═════ Supplied records ═════

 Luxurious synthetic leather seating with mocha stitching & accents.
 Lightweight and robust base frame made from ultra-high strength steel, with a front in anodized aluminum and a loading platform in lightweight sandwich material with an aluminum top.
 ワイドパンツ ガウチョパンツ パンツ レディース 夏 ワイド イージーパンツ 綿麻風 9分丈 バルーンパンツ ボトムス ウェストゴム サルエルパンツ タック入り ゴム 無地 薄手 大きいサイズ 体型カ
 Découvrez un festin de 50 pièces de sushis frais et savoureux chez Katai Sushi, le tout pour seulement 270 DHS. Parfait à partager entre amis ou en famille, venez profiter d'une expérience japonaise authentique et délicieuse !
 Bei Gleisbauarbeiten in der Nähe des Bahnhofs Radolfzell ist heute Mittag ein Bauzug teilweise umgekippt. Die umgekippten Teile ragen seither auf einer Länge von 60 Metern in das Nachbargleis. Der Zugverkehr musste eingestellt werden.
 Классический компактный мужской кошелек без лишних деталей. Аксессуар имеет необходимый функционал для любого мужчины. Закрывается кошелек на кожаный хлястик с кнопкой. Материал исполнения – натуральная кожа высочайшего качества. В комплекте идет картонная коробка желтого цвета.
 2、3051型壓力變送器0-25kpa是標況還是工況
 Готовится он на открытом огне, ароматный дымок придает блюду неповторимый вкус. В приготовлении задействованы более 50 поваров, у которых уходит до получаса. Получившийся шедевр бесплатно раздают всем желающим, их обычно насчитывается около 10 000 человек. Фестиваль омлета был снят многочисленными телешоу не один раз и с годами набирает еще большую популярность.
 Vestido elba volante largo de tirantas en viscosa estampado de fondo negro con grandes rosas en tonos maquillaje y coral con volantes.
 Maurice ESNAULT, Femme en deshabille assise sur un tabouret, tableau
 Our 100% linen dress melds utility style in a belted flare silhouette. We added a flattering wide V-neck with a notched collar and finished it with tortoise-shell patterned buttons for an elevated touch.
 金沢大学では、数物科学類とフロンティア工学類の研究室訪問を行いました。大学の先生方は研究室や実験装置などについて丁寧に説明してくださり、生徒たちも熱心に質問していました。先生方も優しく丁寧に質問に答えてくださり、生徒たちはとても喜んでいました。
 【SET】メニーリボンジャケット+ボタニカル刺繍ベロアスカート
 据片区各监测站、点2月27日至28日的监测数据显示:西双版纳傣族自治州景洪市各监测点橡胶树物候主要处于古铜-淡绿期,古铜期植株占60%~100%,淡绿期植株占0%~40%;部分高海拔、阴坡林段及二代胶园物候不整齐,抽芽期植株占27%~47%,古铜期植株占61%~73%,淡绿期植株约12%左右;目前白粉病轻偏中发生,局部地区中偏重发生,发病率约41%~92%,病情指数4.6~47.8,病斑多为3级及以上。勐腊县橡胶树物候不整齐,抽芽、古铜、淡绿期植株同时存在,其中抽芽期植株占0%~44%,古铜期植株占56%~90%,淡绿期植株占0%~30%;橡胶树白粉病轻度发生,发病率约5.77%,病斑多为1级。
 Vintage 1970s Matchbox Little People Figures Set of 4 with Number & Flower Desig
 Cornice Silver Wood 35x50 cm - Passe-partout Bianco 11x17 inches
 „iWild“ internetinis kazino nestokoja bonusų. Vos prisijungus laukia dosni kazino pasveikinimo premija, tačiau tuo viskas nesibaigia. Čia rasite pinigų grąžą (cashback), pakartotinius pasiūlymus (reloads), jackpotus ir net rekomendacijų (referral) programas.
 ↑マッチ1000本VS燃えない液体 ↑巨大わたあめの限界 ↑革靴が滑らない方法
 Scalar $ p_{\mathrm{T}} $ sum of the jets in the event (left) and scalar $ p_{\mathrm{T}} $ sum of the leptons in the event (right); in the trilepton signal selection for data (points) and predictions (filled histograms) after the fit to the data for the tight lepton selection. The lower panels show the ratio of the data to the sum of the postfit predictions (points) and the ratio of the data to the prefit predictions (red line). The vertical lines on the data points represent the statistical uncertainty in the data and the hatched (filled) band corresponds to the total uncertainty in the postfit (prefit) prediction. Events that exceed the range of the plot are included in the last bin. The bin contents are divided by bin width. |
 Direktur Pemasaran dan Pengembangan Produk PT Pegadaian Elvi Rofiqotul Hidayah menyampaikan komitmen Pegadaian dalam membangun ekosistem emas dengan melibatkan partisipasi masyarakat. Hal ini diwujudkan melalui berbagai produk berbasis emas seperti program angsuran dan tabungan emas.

═════

- [Task instructions] Having located the line containing "rekomendacijų (referral) programas.", set it down along with every line after it through the end of the data, reproducing each exactly.

- [Written reply]
 „iWild“ internetinis kazino nestokoja bonusų. Vos prisijungus laukia dosni kazino pasveikinimo premija, tačiau tuo viskas nesibaigia. Čia rasite pinigų grąžą (cashback), pakartotinius pasiūlymus (reloads), jackpotus ir net rekomendacijų (referral) programas.
 ↑マッチ1000本VS燃えない液体 ↑巨大わたあめの限界 ↑革靴が滑らない方法
 Scalar $ p_{\mathrm{T}} $ sum of the jets in the event (left) and scalar $ p_{\mathrm{T}} $ sum of the leptons in the event (right); in the trilepton signal selection for data (points) and predictions (filled histograms) after the fit to the data for the tight lepton selection. The lower panels show the ratio of the data to the sum of the postfit predictions (points) and the ratio of the data to the prefit predictions (red line). The vertical lines on the data points represent the statistical uncertainty in the data and the hatched (filled) band corresponds to the total uncertainty in the postfit (prefit) prediction. Events that exceed the range of the plot are included in the last bin. The bin contents are divided by bin width. |
 Direktur Pemasaran dan Pengembangan Produk PT Pegadaian Elvi Rofiqotul Hidayah menyampaikan komitmen Pegadaian dalam membangun ekosistem emas dengan melibatkan partisipasi masyarakat. Hal ini diwujudkan melalui berbagai produk berbasis emas seperti program angsuran dan tabungan emas.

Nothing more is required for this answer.